Background and Illumination Correction for Time-Lapse Microscopy Data with Correlated Foreground

Abstract

Due to the inherent imperfections in the optical path, microscopy images, particularly fluorescence microscopy images, are often skewed by uneven illumination and hence have spurious intensity variation, also known as shading or vignetting effect. Besides spatial intensity inhomogeneity, time-lapse microscopy imaging further suffers from background variation in time, mostly due to photo-bleaching of the background medium. Moreover, the temporal background variation is often experiment-specific and hence cannot be easily corrected, in contrast to shading, where a prospective calibration method can be used. Existing retrospective illumination correction methods, ranging from simple multi-image averaging to sophisticated optimisation based methods such as CIDRE and BaSiC, all assume that the foreground of all images is uncorrelated between each other.
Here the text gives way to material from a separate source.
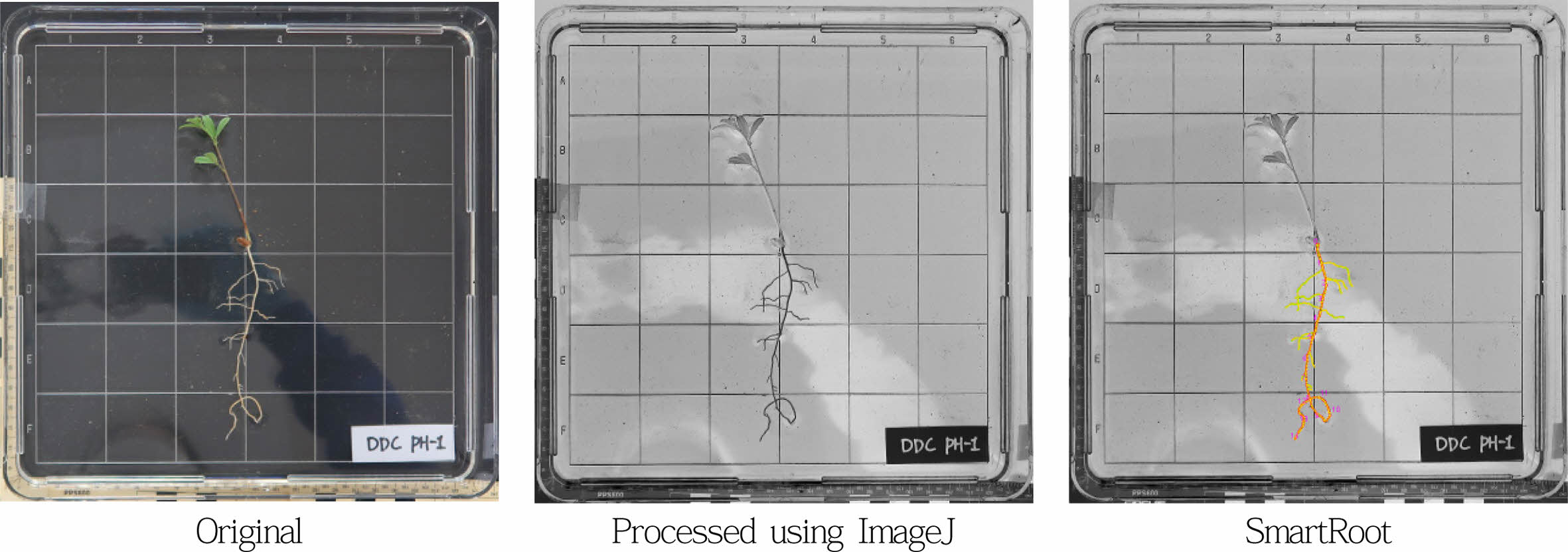 Fig. 6 Procedure for root length and volume estimation by SmartRoot. |

However, this assumption is violated in e.g. long-term time-lapse microscopy imaging of adherent stem cells, in which a strong foreground correlation is observed from frame to frame. In this paper, we propose a new illumination and background correction method for time-lapse imaging, based on low-rank and sparse decomposition. We incorporate binary segmentation masks that inform the weighting scheme of our reweighted \(L_1\) norm minimisation about foreground vs background pixels in the image. This yields a better separation of the low-rank and sparse component, hence improving the estimation of illumination profiles. Experiments on both simulated and real time-lapse data demonstrate that our approach is superior to existing illumination correction methods and improves single cell quantification.